** Records for this task follows **

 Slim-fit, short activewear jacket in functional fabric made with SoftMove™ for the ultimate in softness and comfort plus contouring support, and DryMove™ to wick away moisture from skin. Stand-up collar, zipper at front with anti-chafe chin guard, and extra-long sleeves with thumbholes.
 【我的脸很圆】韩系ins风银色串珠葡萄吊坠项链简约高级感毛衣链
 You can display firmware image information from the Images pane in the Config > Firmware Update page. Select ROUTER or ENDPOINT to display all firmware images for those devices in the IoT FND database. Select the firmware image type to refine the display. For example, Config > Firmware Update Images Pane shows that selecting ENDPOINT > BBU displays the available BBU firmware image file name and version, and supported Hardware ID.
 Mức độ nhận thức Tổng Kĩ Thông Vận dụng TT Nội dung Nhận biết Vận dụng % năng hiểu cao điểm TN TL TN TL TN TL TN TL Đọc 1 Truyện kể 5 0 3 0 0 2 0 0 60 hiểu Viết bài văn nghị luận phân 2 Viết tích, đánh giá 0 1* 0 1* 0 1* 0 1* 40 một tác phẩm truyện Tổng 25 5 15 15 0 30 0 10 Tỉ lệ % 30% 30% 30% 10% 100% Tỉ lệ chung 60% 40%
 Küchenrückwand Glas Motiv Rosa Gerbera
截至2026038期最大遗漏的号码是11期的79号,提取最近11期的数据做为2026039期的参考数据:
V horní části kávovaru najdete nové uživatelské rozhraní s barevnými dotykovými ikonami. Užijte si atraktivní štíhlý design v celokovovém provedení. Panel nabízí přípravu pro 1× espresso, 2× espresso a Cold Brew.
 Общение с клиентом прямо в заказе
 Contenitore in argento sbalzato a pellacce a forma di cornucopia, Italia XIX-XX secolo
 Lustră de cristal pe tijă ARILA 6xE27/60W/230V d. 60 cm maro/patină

** End of Records for this task **

_Task to complete_. Retype, exactly as shown, the lines from the one with "Общение с клиентом прямо в заказе" through the end of the records.

_Response area_.
 Общение с клиентом прямо в заказе
 Contenitore in argento sbalzato a pellacce a forma di cornucopia, Italia XIX-XX secolo
 Lustră de cristal pe tijă ARILA 6xE27/60W/230V d. 60 cm maro/patină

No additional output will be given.